Hidden Abuse: The Subtle Damage of Emotional Abuse
- Abundant Team
- Apr 20, 2020
- 3 min read
“I don’t even know what a normal relationship looks like now. I don’t even know what normal is now.”
These were the words my friend spoke to me over the phone, weeks after her break-up with an emotionally abusive boyfriend. Neither of us labeled it as abusive until she stood on the other side of the relationship, seeing for the first time the real damage that came from his subtle mind games and manipulative comments.
There is an immense importance in calling abuse for what it is, and that is why I am now dedicated to educating women on warning signs and red flags in abusive relationships. Emotional abuse is the hardest form of abuse to recognize because it occurs through gradual manipulation that isn’t as easy to identify.
One of the most subtle forms of emotional abuse is what we consider gaslighting.
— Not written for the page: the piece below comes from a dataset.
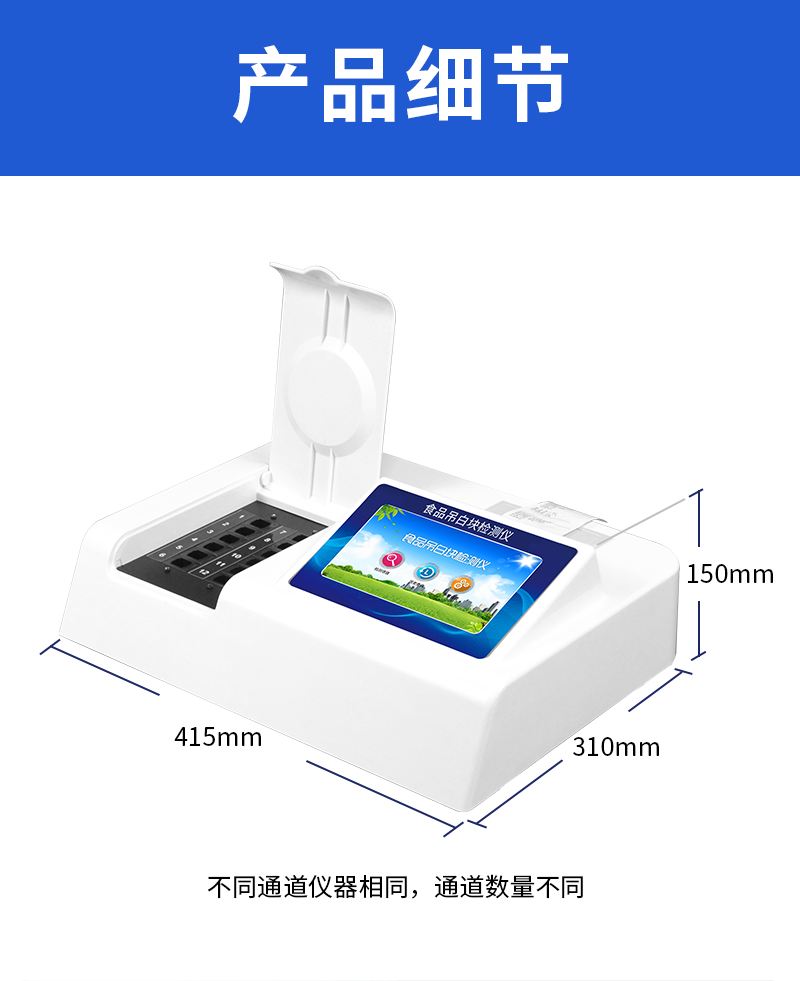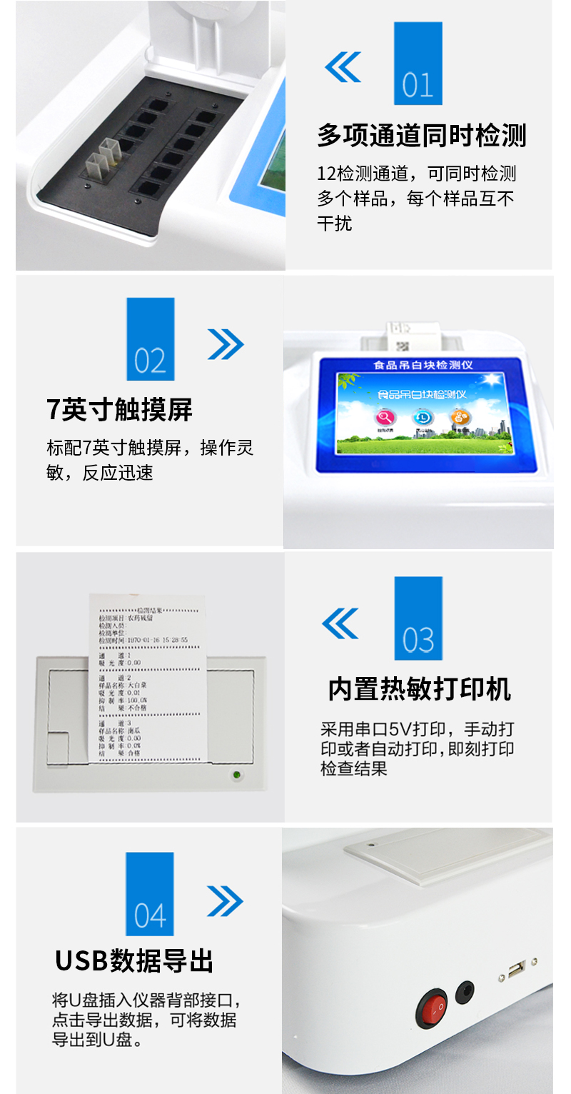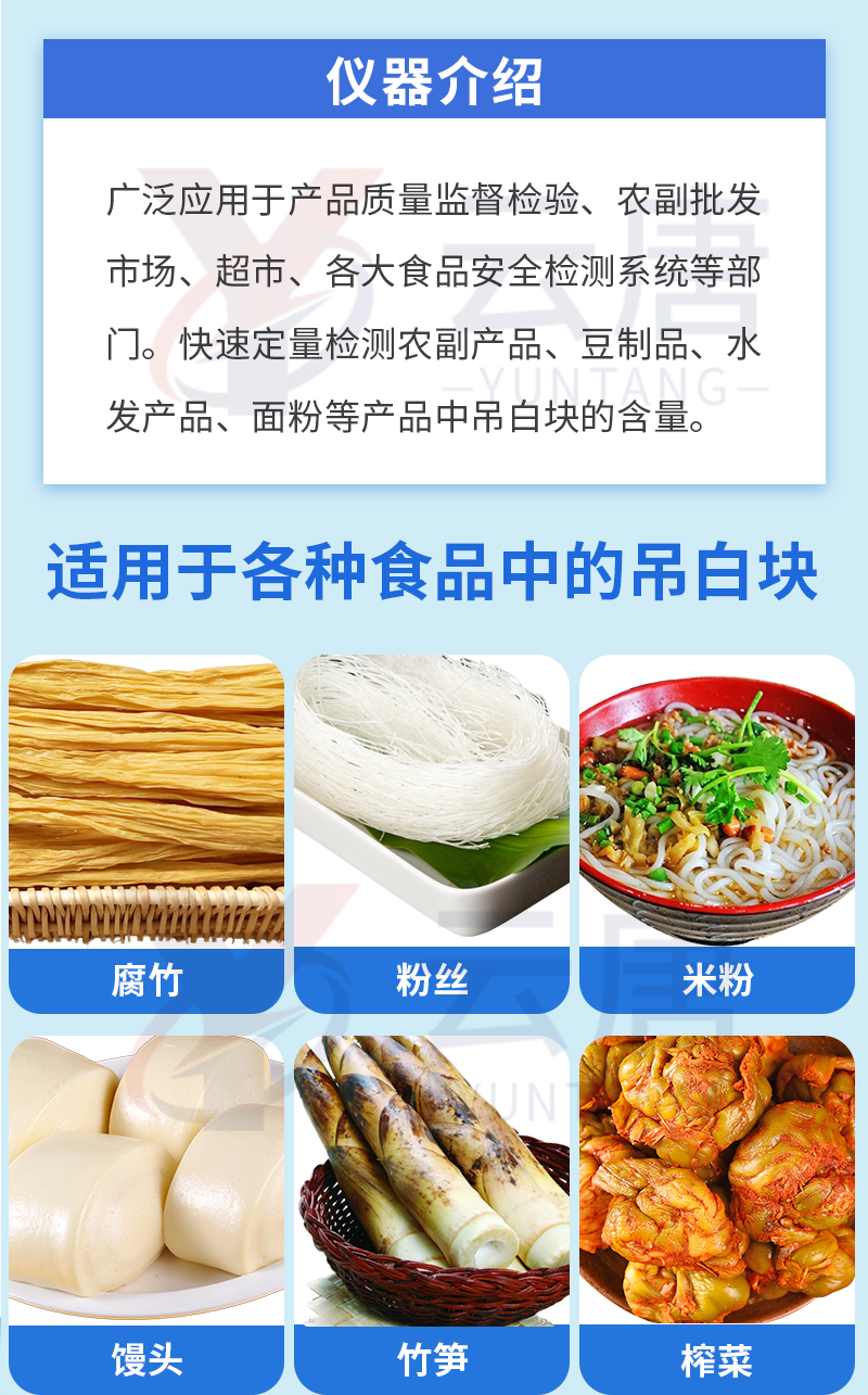 檢測項目:用于快速檢測食品中吊白塊,儀器預留其他項目檢測程序和端口,根據日后需求可方便的自主增加檢測項目。日后可升級為檢測,水產品,肉制品,面制品的綜合類型儀器。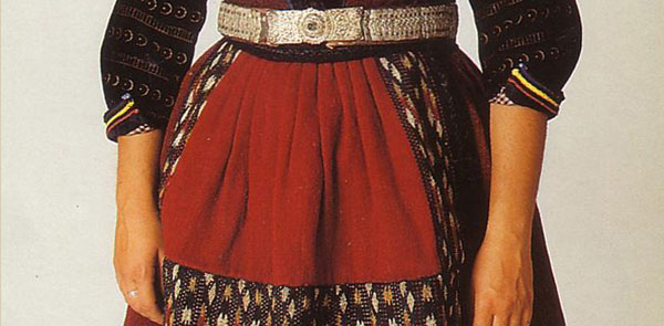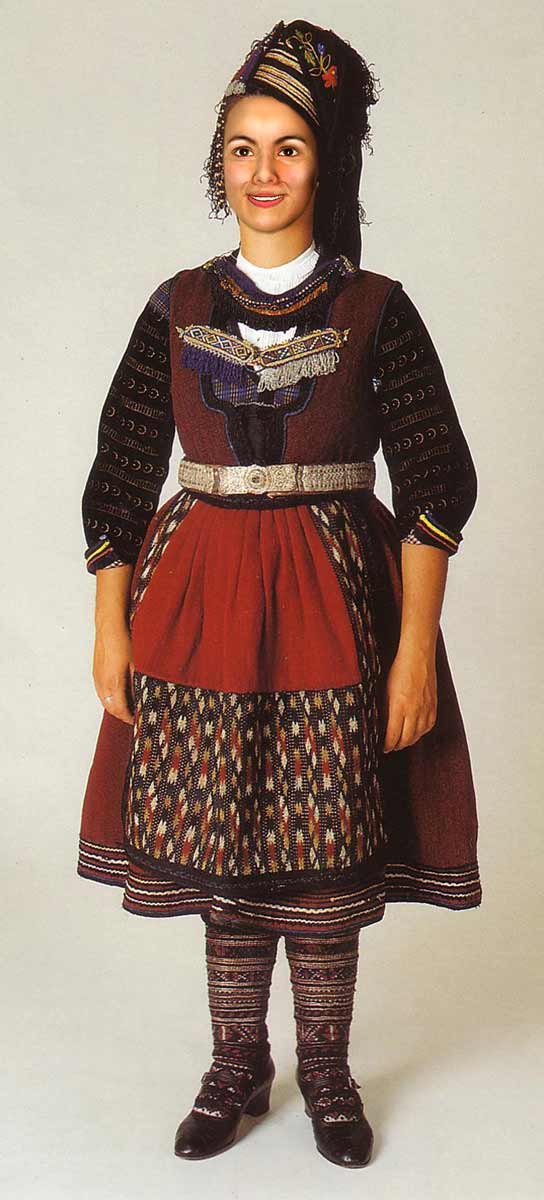 Η στολή αποτελείται από περίτεχνη καυσία στην κεφαλή, που προστατεύεται από μαύρη μαντίλα. Φαρδύ και μακρύ σκούρο φόρεμα με κοντά μανίκια,που συγκλίνουν λίγο πιο κάτω από τον αγκώνα. Γιλεκάκι με πλούσια λαιμαριά και κόσμημα μπροστά στο στήθος με μεταξωτά κρόσσια που εντυπωσιάζουν κατά την κίνηση. Ποδιά με γεωμετρικά σχήματα που παραπέμπει στον αρχαίο ελληνικό χαρακτήρα της φορεσιάς. Πλεκτές μάλλινες κάλτσες με οριζόντια πολύχρωμη λεπτή διακόσμηση και μοντέρνα υποδήματα.

Gaslighting is a form of psychological and emotional abuse used to eradicate or alter another human being’s perception of reality to gain influence, power, and control. In other words, it’s the act of causing another to doubt his/her own judgements and perceptions. Below are a few common phrases that gaslighters use to manipulate their victims.
“You imagined that.”
Gaslighters may deny that events actually occurred, or they may distort the event in a way that challenges the victim’s memory. This can look like the gaslighter pretending to forget an incident that took place or creating false details about that incident to further confuse the victim’s memory.
“You should have known.”
Gaslighters tend to project their blame or actions onto victims. This could look like a gaslighter who is cheating, accusing his girlfriend of cheating in order to distract her from his own behavior.
“You can’t take a joke.”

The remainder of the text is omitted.